# [Work instruction]
Below this line is a listing that includes pictures. Copy exactly, and only, the lines from the one containing "ein wertvolles Hilfsmittel" through the one containing "Chordbotは、スマート"; the pictures do not go in the copy.

# [Dataset entries]
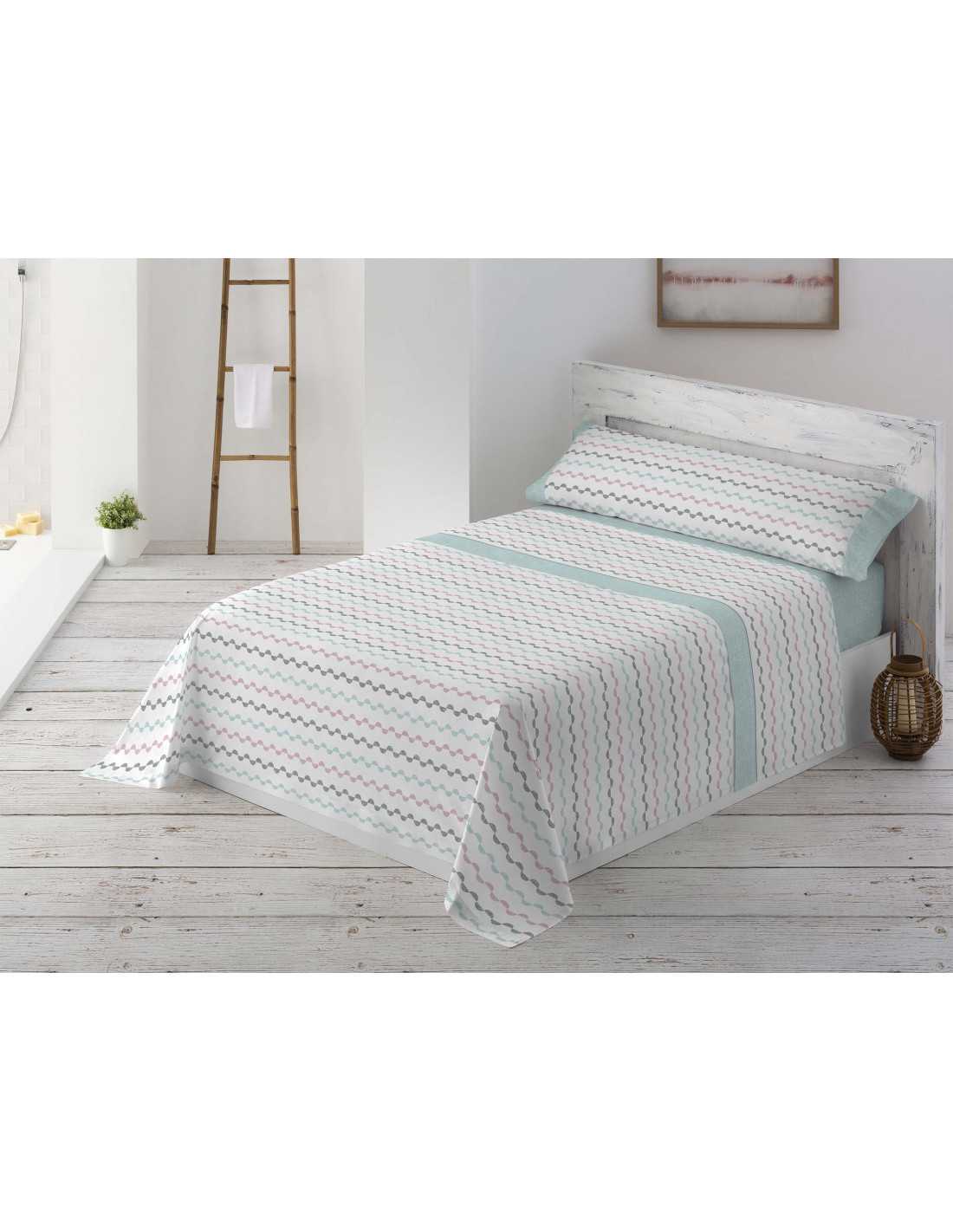 Elvira es un juego de sábanas con un encantador diseño con franjas formadas con semicírculos, con bajera, y detalles de encimera y almohadón en color verde jaspeado. Juego de sábanas con mucho estilo para decorar tu cama y a un precio fantástico.
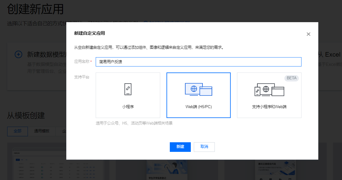 *我们选择创建一个WEB端(H5/PC)项目,名字叫简易用户反馈。
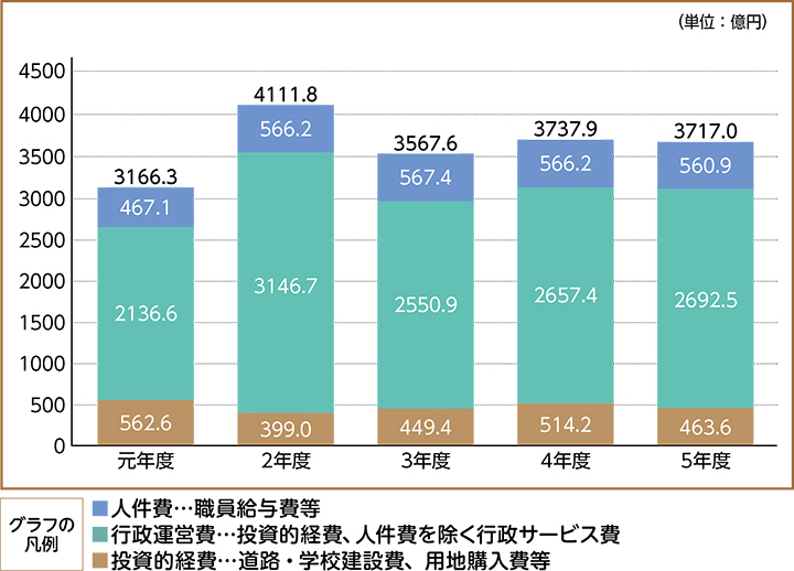 5年度:合計 3717.0億円(人件費 560.9億円、行政運営費 2692.5億円、投資的経費 463.6億円)
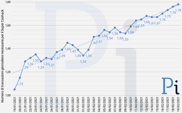 Prosegue dunque il trend di crescita registrato ormai da qualche settimana a questa parte, come testimonia l’immagine qui sotto. Guardando indietro erano 1,32 su base quotidiana il 25 gennaio, 1,38 il 28 gennaio, 1,51 il 4 febbraio, 1,54 l’8 febbraio, 1,65 il 12 febbraio e 1,70 il 16 febbraio.
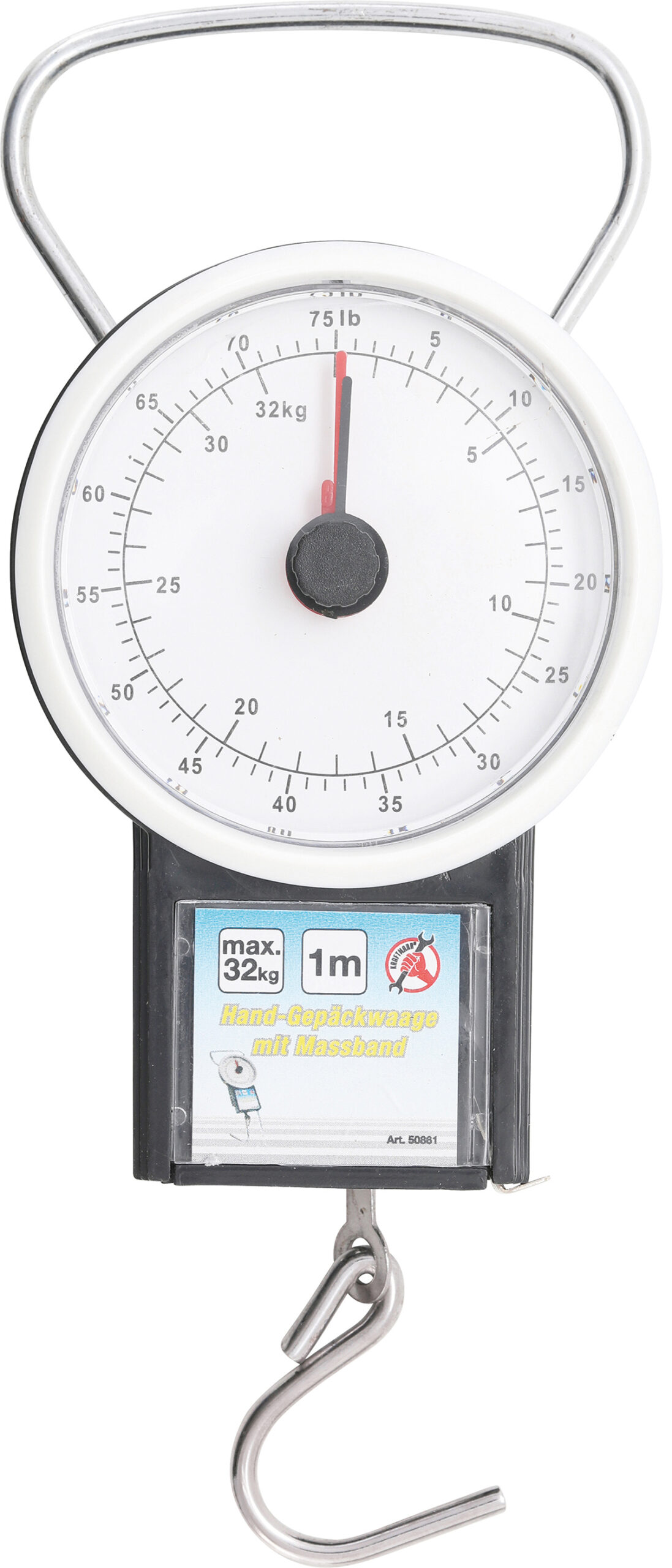 ein wertvolles Hilfsmittel auf Reisen dass sich dank stetig steigender Gepäckgebühren für Übergepäck sofort bezahlt macht Gepäckwaage mit Handgriff und Hängehaken für Gepäck Skala in kg und lb geeignet bis 32 kg 80 lb inkl. 1 m Maßband zum Vermessen des Gepäcks Technische Daten Verpackung für Wandbehang geeignet Ja Bruttogewicht 170 g
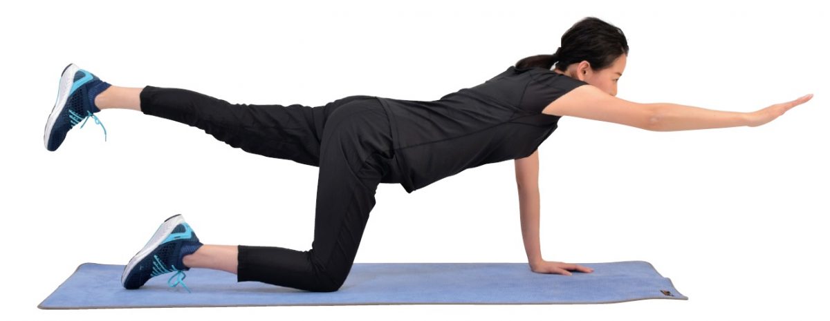 背すじをまっすぐにして両手・両膝を床につきます。その状態から片方の手は肘を伸ばしたまままっすぐ前に突き出し、逆側の脚の膝を伸ばして後ろへ突き出します。上肢・体幹部・下肢が一直線になったら、そのままキープします。これを左右行います。
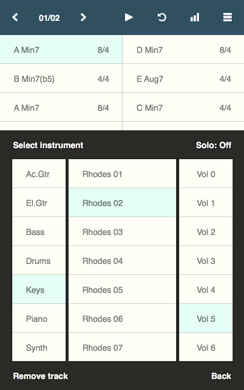 Chordbotは、スマートフォンやタブレット上で簡単に複雑なコード進行を作成して再生することができる、作詞作曲ツール/電子バックアップバンドです。コードをいくつか追加し、コンピング スタイルを選択し、再生ボタンを押してください。
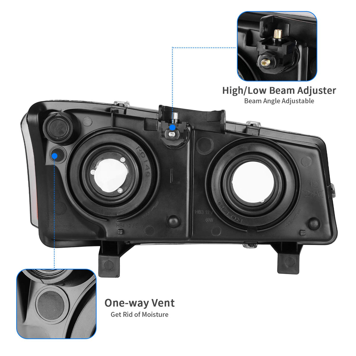 Compatibility: the headlight assemblies are compatible with 2003-2006 Chevy Silverado 1500/1500 HD / 2500 HD / 3500; 2003-2004 Chevy Silverado 2500; 2007 Chevy Silverado 1500/1500 HD/2500 HD/3500 Classic; 2003-2006 Chevy Avalanche 1500/2500 Pickup (Without Body Cladding); high beam bulb type: HB3/9005; low beam bulb type:HB4/9006; bulbs are not included | Improved illumination: the integrated metalized reflectors of this headlight assembly increase light distance for better visibility & driving safety in any dusky conditions | Weather-sealed: the fully sealed structure with solid silicon prevents moisture from being trapped inside the housing & provides reliable service in sorts of weather conditions such as rain, snow or dust storms | Impact-resistant & tough: constructed with durable polycarbonate lenses that give great protection against the abuse of road debris & impact from branches on the trail, and the high-impact housing also better withstands shock and vibration for your off-road adventures | Direct replacement: professional Installation would be highly recommended; come as a pair, including Driver (Left) & Passenger (Right) side
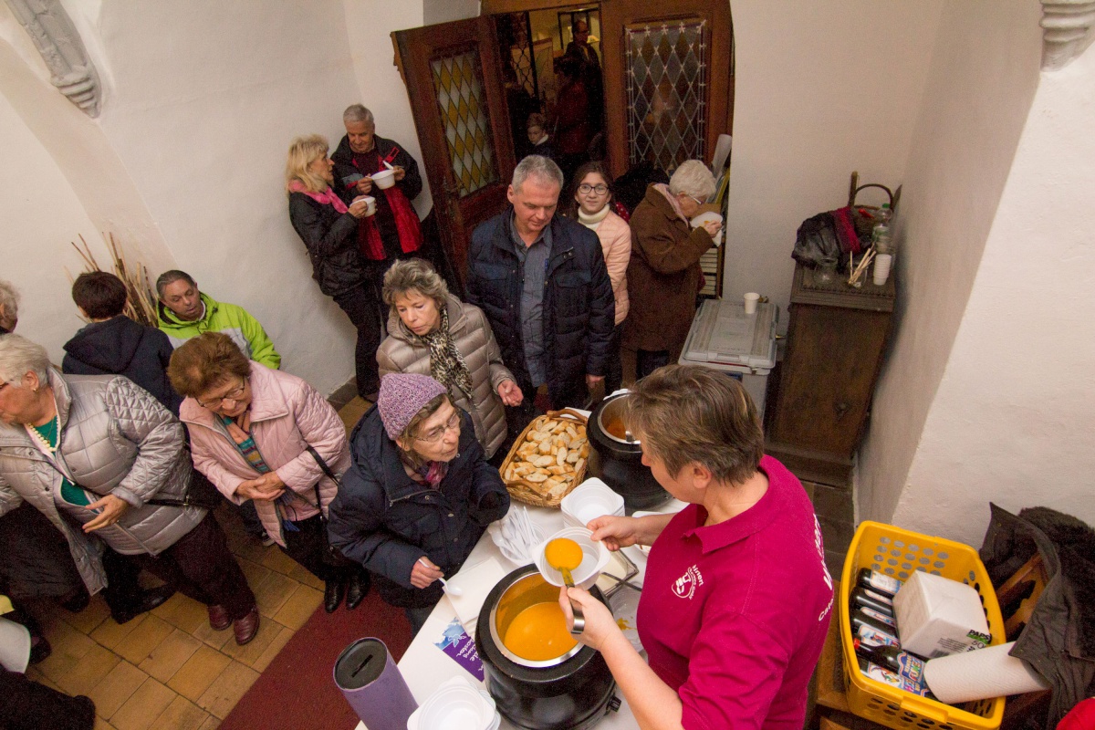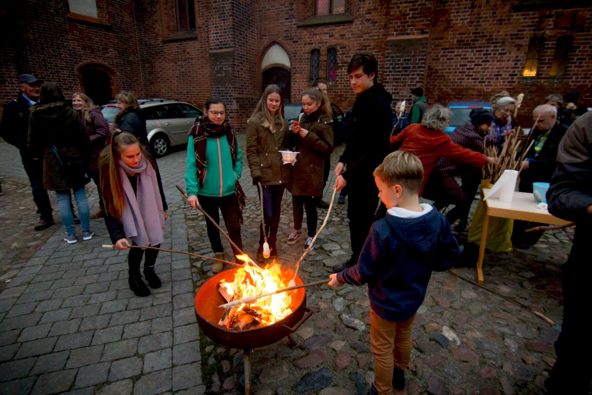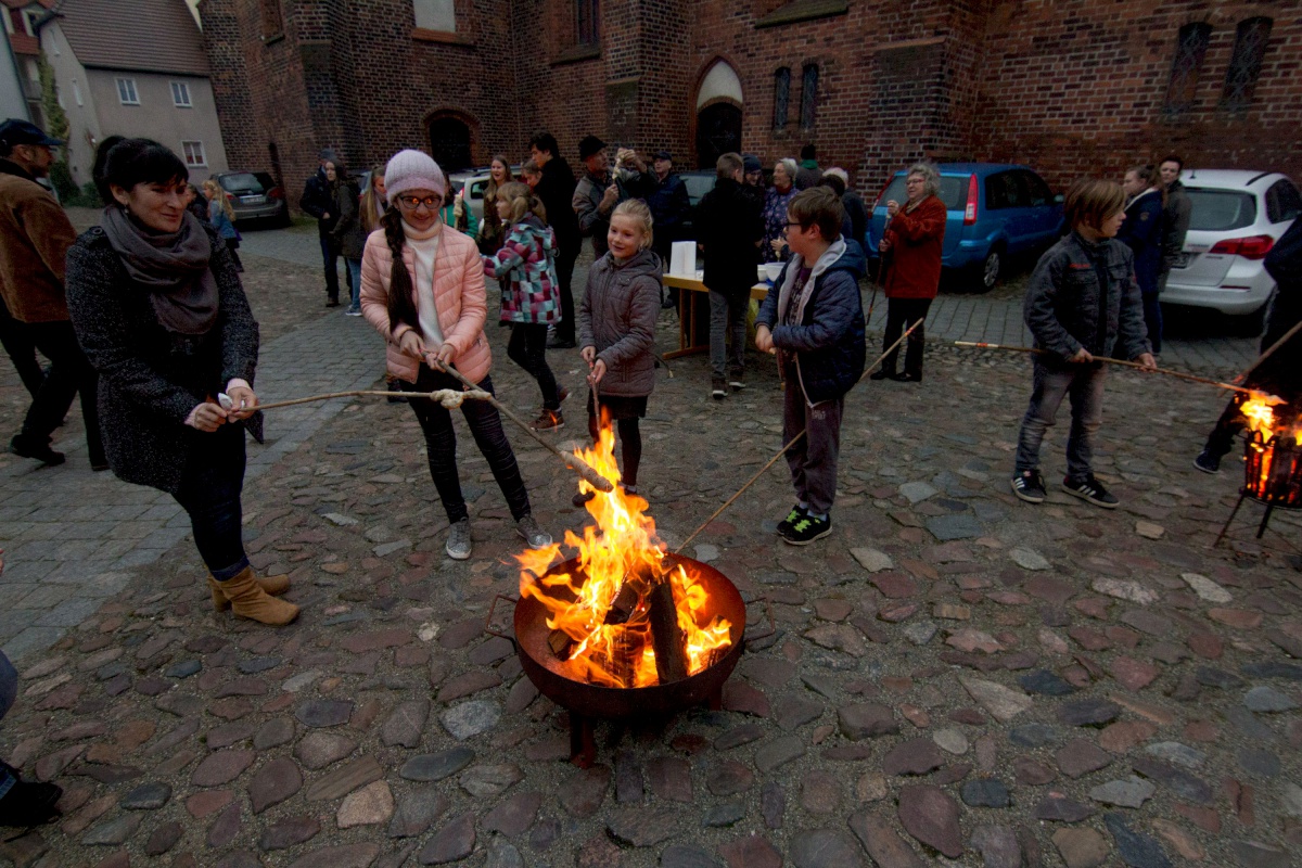 In der Taufkapelle gab es Gulasch- und Kürbissuppe sowie warme Getränke. Auf dem Kirchplatz brannten Lagerfeuer und jeder der wollte, konnte sich sein eigenes Stockbrot backen.

# [Answer area]
 ein wertvolles Hilfsmittel auf Reisen dass sich dank stetig steigender Gepäckgebühren für Übergepäck sofort bezahlt macht Gepäckwaage mit Handgriff und Hängehaken für Gepäck Skala in kg und lb geeignet bis 32 kg 80 lb inkl. 1 m Maßband zum Vermessen des Gepäcks Technische Daten Verpackung für Wandbehang geeignet Ja Bruttogewicht 170 g
 背すじをまっすぐにして両手・両膝を床につきます。その状態から片方の手は肘を伸ばしたまままっすぐ前に突き出し、逆側の脚の膝を伸ばして後ろへ突き出します。上肢・体幹部・下肢が一直線になったら、そのままキープします。これを左右行います。
 Chordbotは、スマートフォンやタブレット上で簡単に複雑なコード進行を作成して再生することができる、作詞作曲ツール/電子バックアップバンドです。コードをいくつか追加し、コンピング スタイルを選択し、再生ボタンを押してください。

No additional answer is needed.